Former race track in Valley Junction, Iowa

Des Moines Speedway was a 1 mi wooden board track in Valley Junction, Iowa. Constructed and opened in 1915, the speedway hosted two AAA Championship Car races in 1915 and 1916.

==History==
The Prince Speedway Company of Chicago, owned by motorcycle road racer Jack Prince, decided to construct a board track in Valley Junction which at the time was far enough from Des Moines to not be too noisy for citizens. The track broke ground on June 1, 1915 and construction of the track used nearly one million feet of wood. The track took six weeks to build.

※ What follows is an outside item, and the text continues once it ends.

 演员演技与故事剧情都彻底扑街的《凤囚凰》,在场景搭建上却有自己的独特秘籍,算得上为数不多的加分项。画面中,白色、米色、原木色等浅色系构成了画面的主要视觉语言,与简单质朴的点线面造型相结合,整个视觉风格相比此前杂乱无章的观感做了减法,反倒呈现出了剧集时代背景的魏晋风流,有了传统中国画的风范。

On July 25, inaugural AAA Champ Car champion Barney Oldfield drove a two lap average speed of 103 mph.

A 300-mile auto race sanctioned by AAA was scheduled for July 29, but was postponed to August 7 due to rain. Two weeks before the race, three motorcycle races were held. 1915 Indianapolis 500 champion Ralph DePalma made an appearance and called the track "the fastest one-mile track in the world." On lap 38, Joe Cooper's car blew a tire coming off turn four and exited the race track, falling 15 feet before the car crushed him, killing him instantly. On lap 218, Billy Chandler suffered injuries after his car flipped into the infield, however Chandler's mechanic Morris Keeler was killed. DePalma was initially called the winner of the race, but it was later declared that 1911 Vanderbilt Cup champion Ralph Mulford won the race with an average speed of 87 mph.

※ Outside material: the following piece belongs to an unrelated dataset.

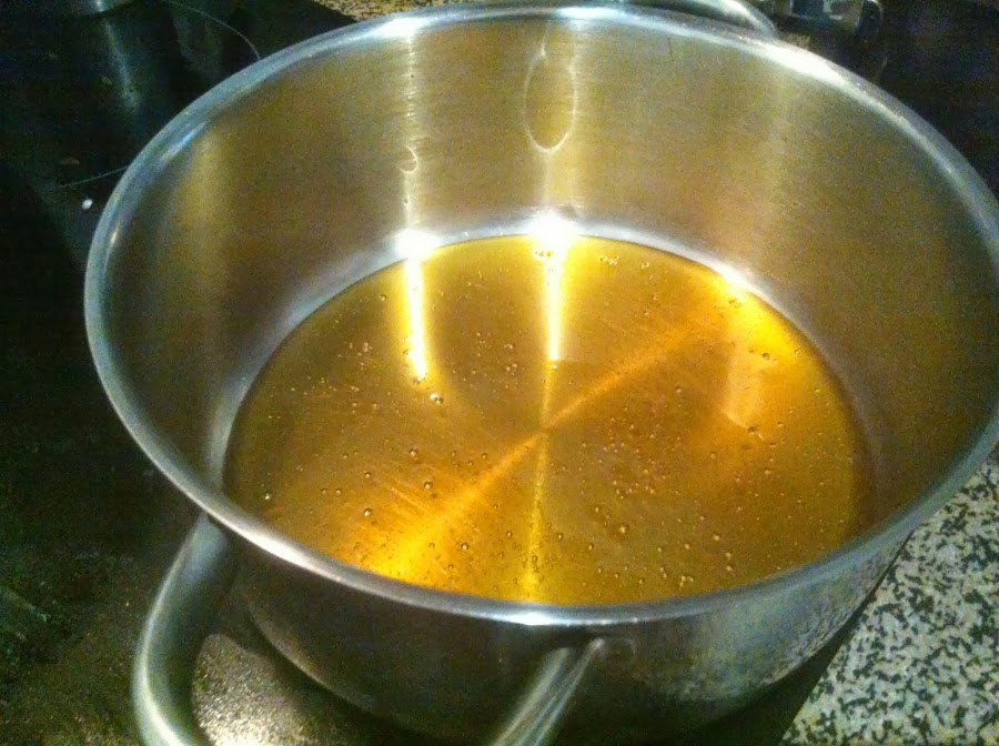 El siguiente paso es enmelar en el cazo que teníamos preparado con la miel con un poquito de agua para aclararla .

For 1916, an Iowa-only race was scheduled to be held on Memorial Day. A second AAA race was scheduled for 1916 on June 24, with Eddie Rickenbacker and DePalma entered for the race. 1916 Indianapolis 500 champion Dario Resta did not enter the race because his Peugeot car was not race-ready. DePalma won the race with an average speed of 91.88 mph.

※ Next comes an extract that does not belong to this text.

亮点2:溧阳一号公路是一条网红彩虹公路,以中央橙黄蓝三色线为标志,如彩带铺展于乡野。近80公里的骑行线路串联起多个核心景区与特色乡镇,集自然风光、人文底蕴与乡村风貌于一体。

In 1917, a judgement for $24,405 was brought against the track after failing to pay the land owner. The track was dismantled in November and the wood used in construction was sold (seen in an advertisement in The Des Moines Register as an "extreme bargain") and used for houses in the Valley Junction area. The land where the track once stood became a cornfield.